Conclusion : Faire de la théologie pratique

Maintenant que nous avons réfléchi sur la Parole de Dieu qui est toujours vivante, sur l'actualisation de la Parole de Dieu aujourd'hui, nous pouvons revenir à notre autre question initiale : Qu'est-ce que la théologie pratique ?

Faire de la théologie pratique, ce n'est pas réfléchir de façon déductive et théorique sur les vérités de foi. C'est d'abord partir d'un problème que nous rencontrons sur le terrain, et développer une réponse chrétienne à ce problème. Cette forme de théologie part de la pratique, de l'expérience, de la situation historique. Elle analyse le problème rencontré. Ensuite elle interroge les Écritures et la tradition d'expérience chrétienne. Enfin, elle revient à la situation de départ en lui donnant un éclairage chrétien.

Un exemple : la rencontre des autres traditions religieuses. C'est un problème récent. On ne retrouve pas beaucoup cette situation dans les Écritures. Comment répondre à ce nouveau défi aujourd'hui ?

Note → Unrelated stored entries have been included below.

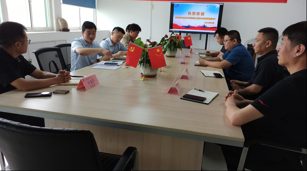 2023年6月29日上午,安徽明生恒卓科技有限公司董事长朱兵、安监部副主任佘祥一行来到盛联电力公司调研考察,同时就公司的安全生产管理及在建的配电自动化设备安装调试项目情况与盛联团队进行沟通和交流,公司总经理王文学、运营总监石燕中及市场和技术部门负责人及配自项目负责人共同出席了会议。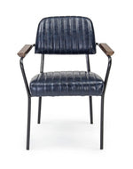 Vintage Style Stuhl in Eco -Leder mit blauen Armlehnen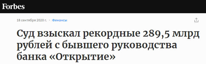 Напомним, три с половиной года назад банком «Финансовая корпорация «Открытие» был подан иск на сумму 289,5 миллиардов рублей по отношению к экс-владельцам и топовым руководителям.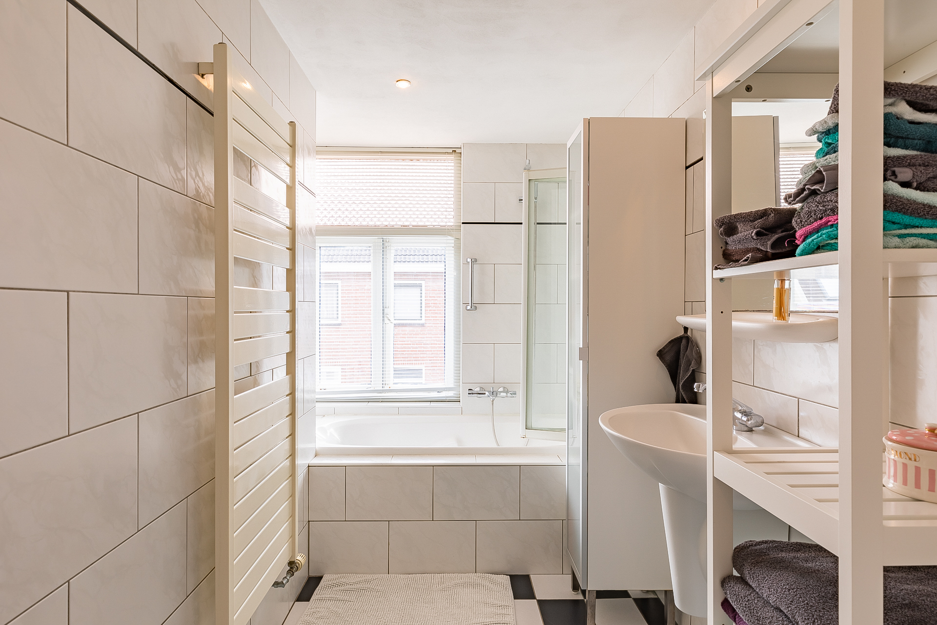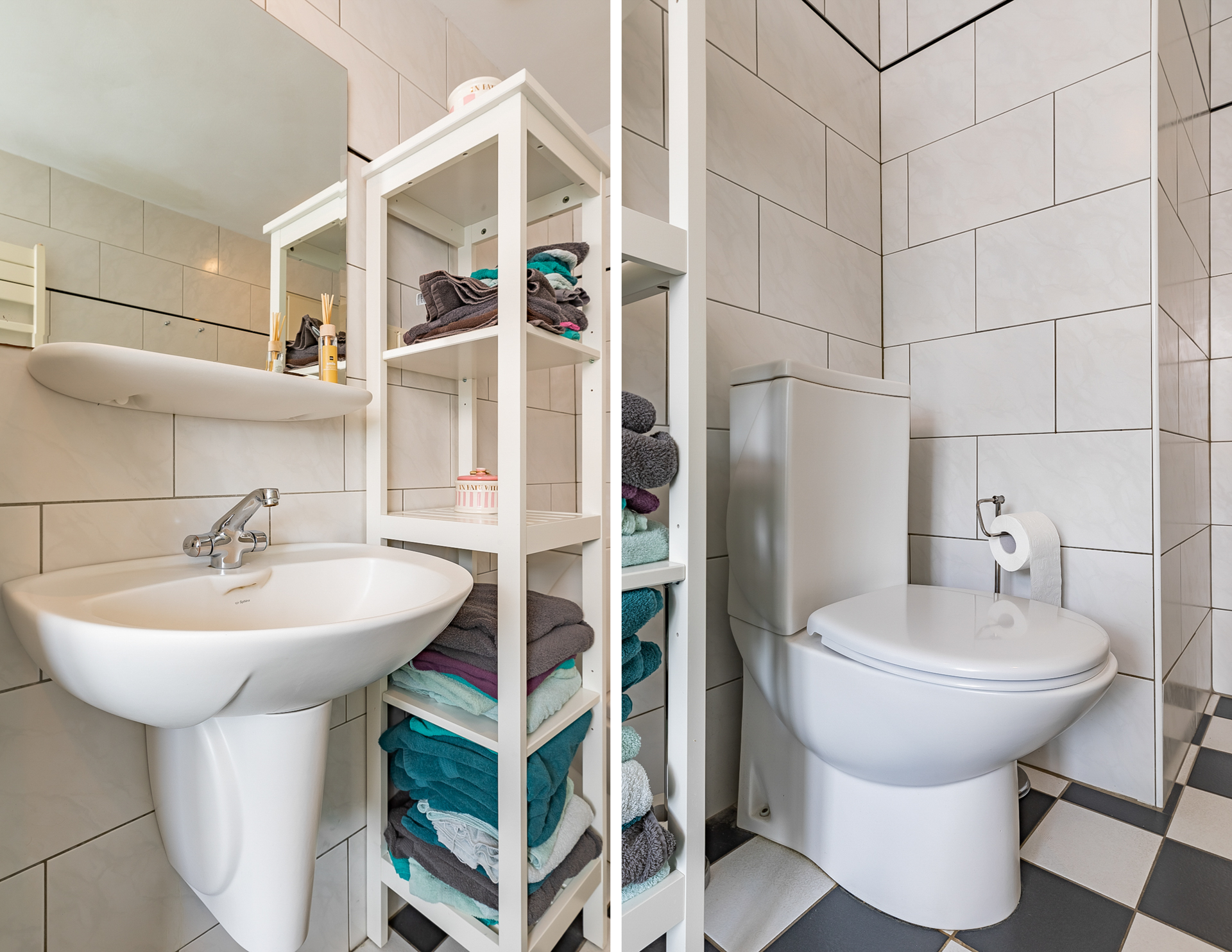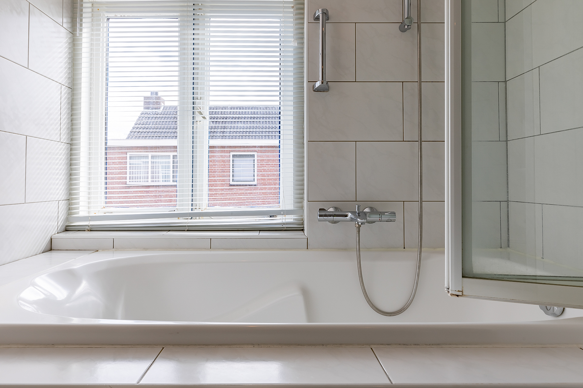 Op de eerste verdieping heb je ook nog de beschikking over een mooie badkamer. Hier kun je gebruikmaken van een heerlijk ligbad, die ook is voorzien van een doucheaansluiting en glazen douchewanden. Daarnaast zijn een wastafel en een toilet voorhanden.
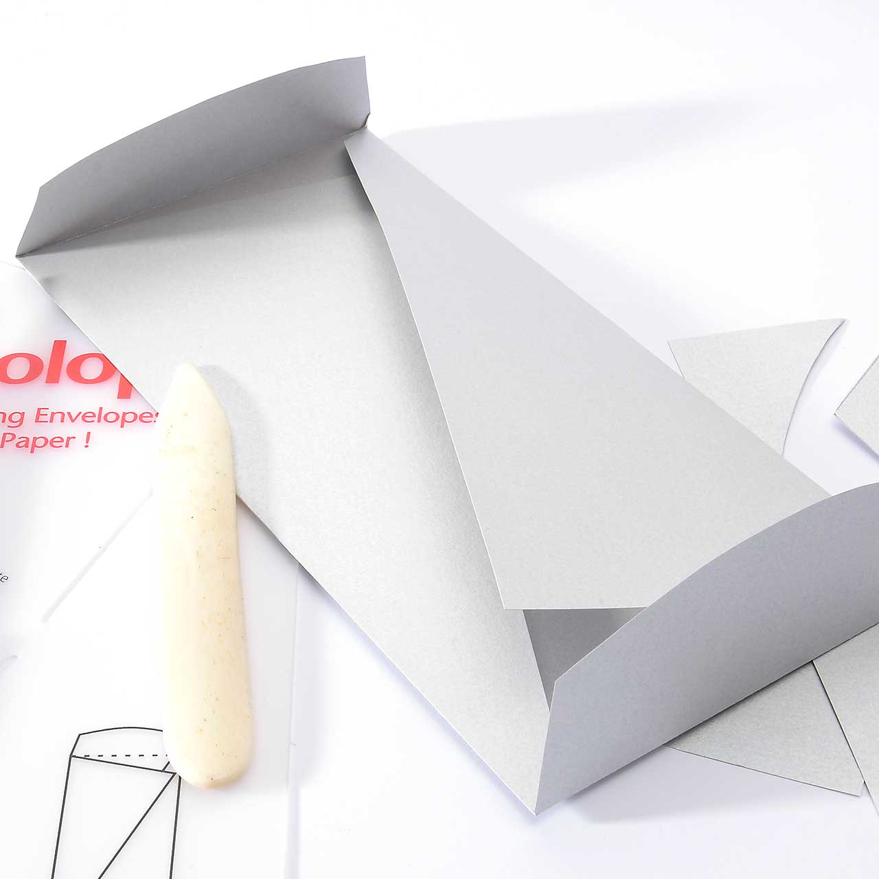 Aus Geschenkpapier, Landkarten, Kalenderblättern, Zeitschriften, handgemachtem Papier, etc. werden im Handumdrehen ganz individuellen Briefumschläge.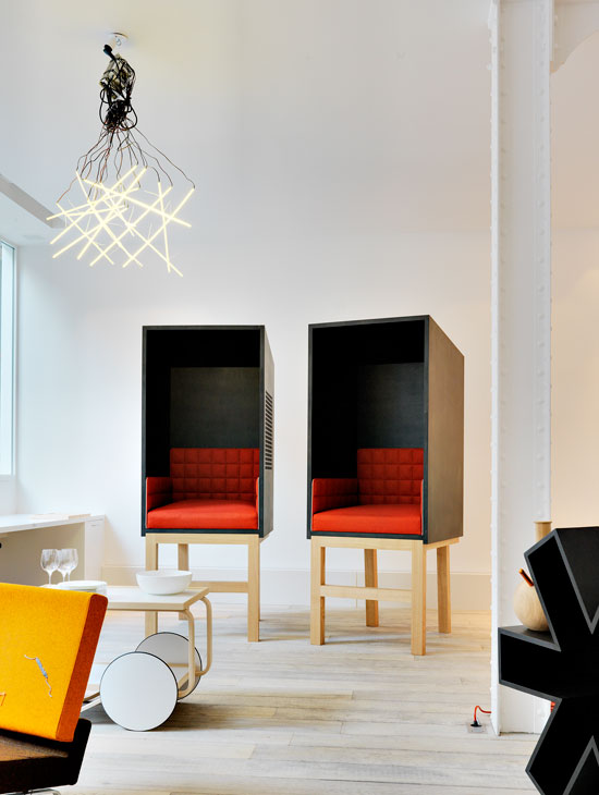 confessional in two parts, left and materials: black enamelled MDF, matte chestnut finish, feather cushion, felt cloth dimensions: H 210 x W 86 x D 87 cm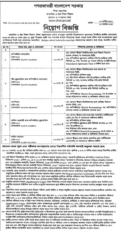 মাধ্যমিক ও উচ্চ শিক্ষা বিভাগ নিয়োগ বিজ্ঞপ্তি ২০২৫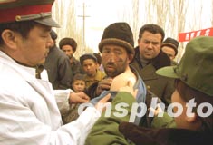 三月初,解放軍醫(yī)療隊(duì)晝夜在新疆地震災(zāi)區(qū)巡回出診,確保災(zāi)民身體健康。作者:宋吉河

Eh bien, on interroge les Écritures pour voir si Jésus avait vraiment une attitude négative à l'égard des croyants des autres religions. On découvre qu'il s'est montré accueillant à l'égard du centurion romain, de la samaritaine et de d'autres croyants. On interroge aussi la tradition, pour constater qu'il certains papes se sont montrés bienveillants à l'égard de chefs musulmans, et ont suggéré des attitudes de dialogue à des missionnaires se préparant à partir pour des contrées lointaines.

À partir de ce nouveau regard, on peut revenir à notre situation d'aujourd'hui et là, élaborer une approche qui se veut fidèle à l'esprit de Jésus Christ toujours vivant dans son Église. Face à de nouveaux problèmes, il n'est pas certain que nous trouvions la réponse adaptée du premier coup. Mais se contenter de répéter ce qui se faisait dans le passé nous conduirait à faire de plus grandes erreurs encore.

Il y aurait d'autres exemples à mentionner. Certains font l'objet de cours donnés ici : l'évangélisation des jeunes, la société pluraliste, l'écologie, la situation actuelle de l'Église. Ces thèmes sont toujours abordés selon l'approche de la théologie pratique.